INPUT DATA
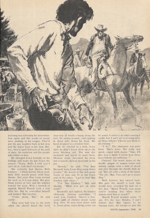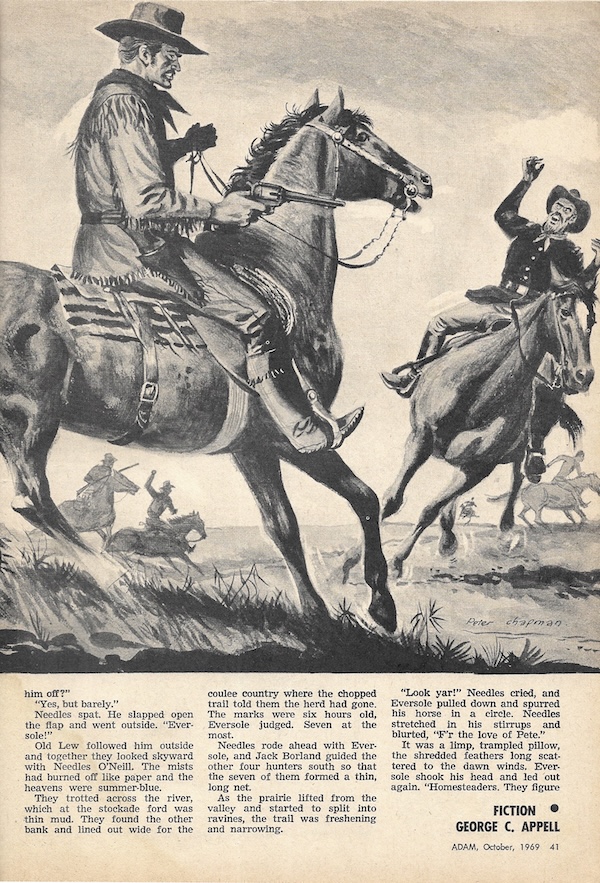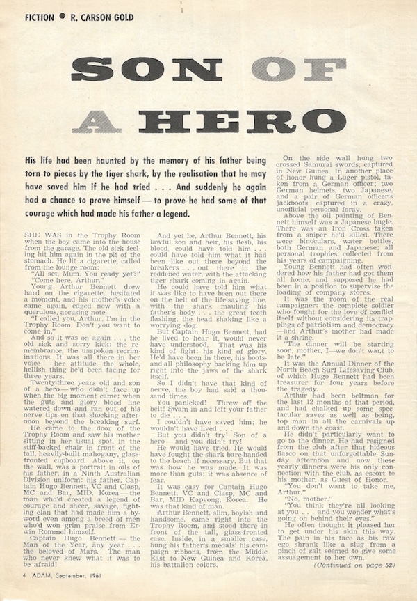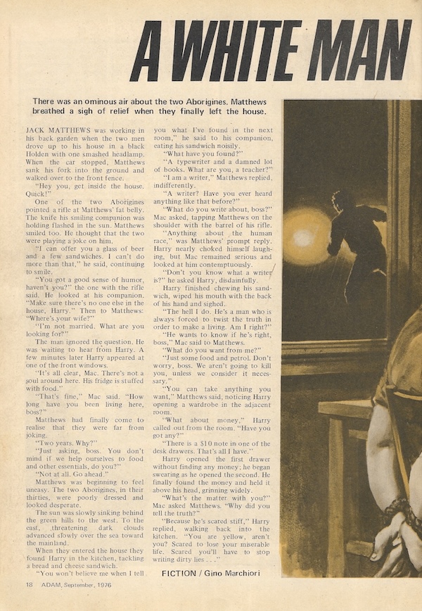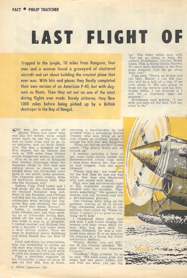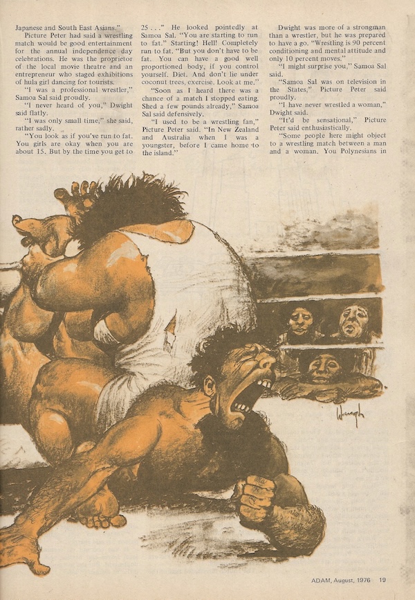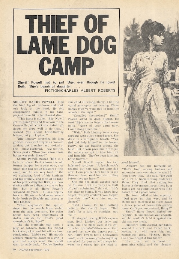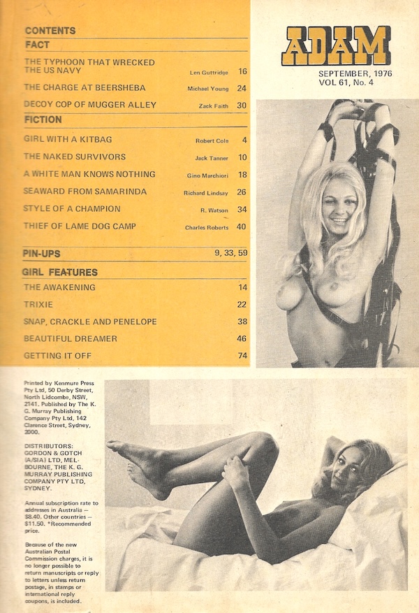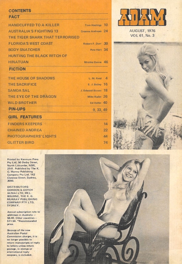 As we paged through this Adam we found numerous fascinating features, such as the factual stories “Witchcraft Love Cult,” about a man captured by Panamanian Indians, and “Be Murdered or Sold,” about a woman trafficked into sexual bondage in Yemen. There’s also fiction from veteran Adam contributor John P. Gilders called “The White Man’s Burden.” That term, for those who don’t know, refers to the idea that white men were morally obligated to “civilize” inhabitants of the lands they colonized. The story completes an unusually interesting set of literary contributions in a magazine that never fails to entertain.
* * *
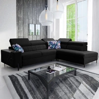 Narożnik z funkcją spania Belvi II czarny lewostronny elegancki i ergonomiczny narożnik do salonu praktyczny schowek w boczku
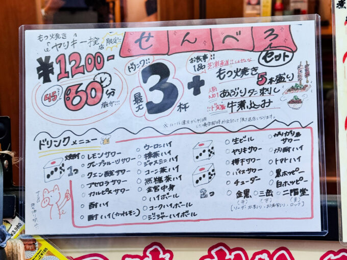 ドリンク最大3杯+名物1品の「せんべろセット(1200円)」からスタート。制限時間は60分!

EXERCISE GOAL
Nothing but the lines from the one containing "Narożnik z funkcją" through the one containing "ドリンク最大3杯+名物1品の" should appear, copied exactly from the material above and without pictures.

PROBLEM SOLUTION
 Narożnik z funkcją spania Belvi II czarny lewostronny elegancki i ergonomiczny narożnik do salonu praktyczny schowek w boczku
 ドリンク最大3杯+名物1品の「せんべろセット(1200円)」からスタート。制限時間は60分!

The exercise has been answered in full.